Example: planner-emitted structural acceptance tests

The planner doesn't just produce a free-text plan — it commits to structural acceptance tests the reviewer will check against the diff before the patch can ship. A real planner output for an Android map-picker task looks like:

{
  "objective": "Add map-based address selection to KYC signup",
  "must_touch_files": [
    "app/.../CustomerKYCAddressForm.kt",
    "app/.../HandymanKYCAddressForm.kt"
  ],
  "acceptance_tests": [
    { "kind": "diff_contains_pattern",
      "pattern": "MapEventsOverlay|MapEventsReceiver|singleTapConfirmedHelper" },
    { "kind": "diff_contains_pattern_in_file",
      "file": "CustomerKYCAddressForm.kt",
      "pattern": "AndroidView\\s*\\(" },
    { "kind": "import_added",
      "pattern": "org.osmdroid.views.MapView" },
    { "kind": "forbids_pattern_in_diff",
      "pattern": "com.google.android.gms.maps" }
  ]
}

acceptance_check.evaluate runs each rule against the actual diff. Token matching is not enough — the model has to write the structural change, not just mention it.

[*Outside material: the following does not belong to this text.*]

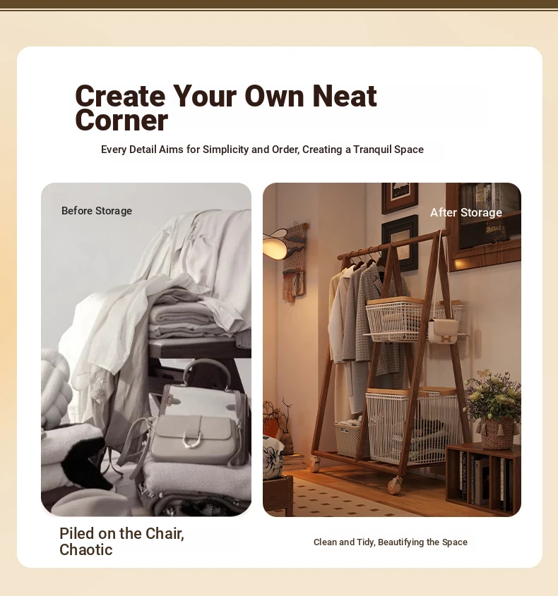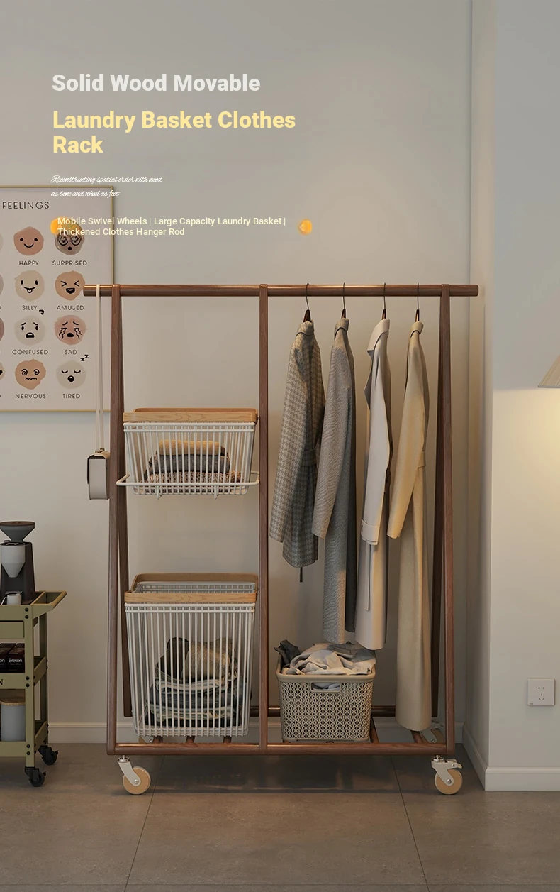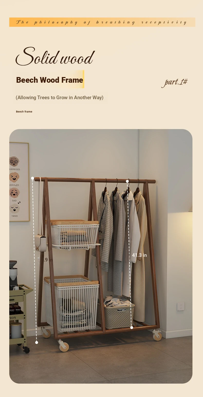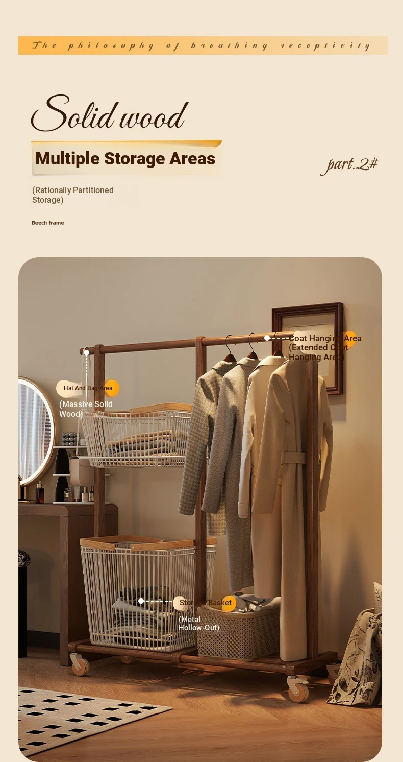 Multifunctional Solid Wood Freestanding Coat Rack - Portable and Easy to Move, Ideal for Bedroom Use, Perfect for Hanging Clothes and Laundry Drying in Your Home

Contract Coverage (v16.2.1)

On top of the planner's acceptance tests, every domain playbook declares required contracts — named semantic gates the patch must close before it ships. The model emits a ## CONTRACT_COVERAGE JSON block on every batch declaring which contracts it implemented, which were already present, and which it deliberately skipped:

{
  "implemented_contracts": [
    {
      "id": "persisted_to_storage",
      "file": "CustomerSignup.kt",
      "evidence_mode": "diff_modified_payload_existing_sink",
      "diff_evidence": "changed payload bindings from 0.0 to selected state vars",
      "context_evidence": "userRef.setValue(userData) in same function consumes the modified map"
    }
  ],
  "verified_no_change_contracts": [],
  "unimplemented_contracts": []
}

The harness then verifies every claim against the actual artifact via composite rules (any_of / all_of / final_context_contains_pattern). The verifier is diff-anchored — it parses unified diff hunks, resolves the enclosing function scope in the patched tree via brace counting, and matches verification patterns against that scope. This catches the failure class where the model implements a contract by changing the input of an existing unchanged sink call (e.g. lat/lng bound to state variables, but the existing setValue(userData) line untouched), which a diff-only verifier would misclassify as a lie.

Verdicts are tri-state: unverified (verifier blind spot, soft-fail to human review), contradicted (patched tree directly disproves the claim, hard-fail), lie (extreme — claimed feature has no evidence anywhere, hard-fail).

Live-verified on the Android KYC target: 6 out of 6 required contracts pass after the fix that round 6 incorrectly classified persisted_to_storage as a coverage lie.

Architecture

Plain-English request
   ↓
[Intake]      semantic translation + Jira fetch via MCP
   ↓
[Planner]     picks must-touch files, must-inspect files, acceptance tests
   ↓
[Codegen]     per-file batches, parallel; Aider search/replace + unified diff
   ↓
[Harness]     patch budget · feature presence · acceptance check · compile gate · semantic review
   ↓
[Approval]    human reviewer sees plan + diff + verdicts in one place
   ↓
Patch ships

See docs/ARCHITECTURE.md for the full design walkthrough and docs/DEMO.md for a guided tour.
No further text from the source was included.